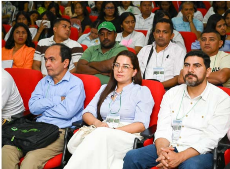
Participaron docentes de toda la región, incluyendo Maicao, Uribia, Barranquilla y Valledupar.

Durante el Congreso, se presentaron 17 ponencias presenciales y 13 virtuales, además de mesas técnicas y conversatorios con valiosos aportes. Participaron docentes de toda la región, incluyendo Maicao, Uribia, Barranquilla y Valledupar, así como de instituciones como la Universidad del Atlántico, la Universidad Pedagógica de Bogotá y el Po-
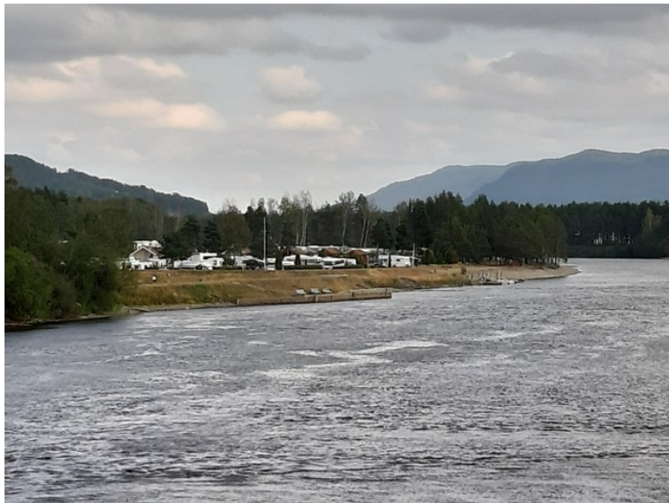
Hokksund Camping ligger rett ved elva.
━━━━━━━━━━━━━━━━
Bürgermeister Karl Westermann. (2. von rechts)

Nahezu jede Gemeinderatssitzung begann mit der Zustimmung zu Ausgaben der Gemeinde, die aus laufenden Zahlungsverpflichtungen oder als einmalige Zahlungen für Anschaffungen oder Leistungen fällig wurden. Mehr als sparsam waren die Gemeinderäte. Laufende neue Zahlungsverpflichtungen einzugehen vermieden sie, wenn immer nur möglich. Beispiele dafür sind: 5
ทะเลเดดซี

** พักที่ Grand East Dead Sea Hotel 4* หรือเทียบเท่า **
━━━━━━━━━━━━━━━━
> [Exercise directions]: Both the line above containing "Barranquilla y Valledupar." and the line containing "Hokksund Camping ligger rett ved elva." belong in the copy, along with every line between them; print these exactly and omit the pictures.

> [Response to the task]:
Participaron docentes de toda la región, incluyendo Maicao, Uribia, Barranquilla y Valledupar.

Durante el Congreso, se presentaron 17 ponencias presenciales y 13 virtuales, además de mesas técnicas y conversatorios con valiosos aportes. Participaron docentes de toda la región, incluyendo Maicao, Uribia, Barranquilla y Valledupar, así como de instituciones como la Universidad del Atlántico, la Universidad Pedagógica de Bogotá y el Po-
Hokksund Camping ligger rett ved elva.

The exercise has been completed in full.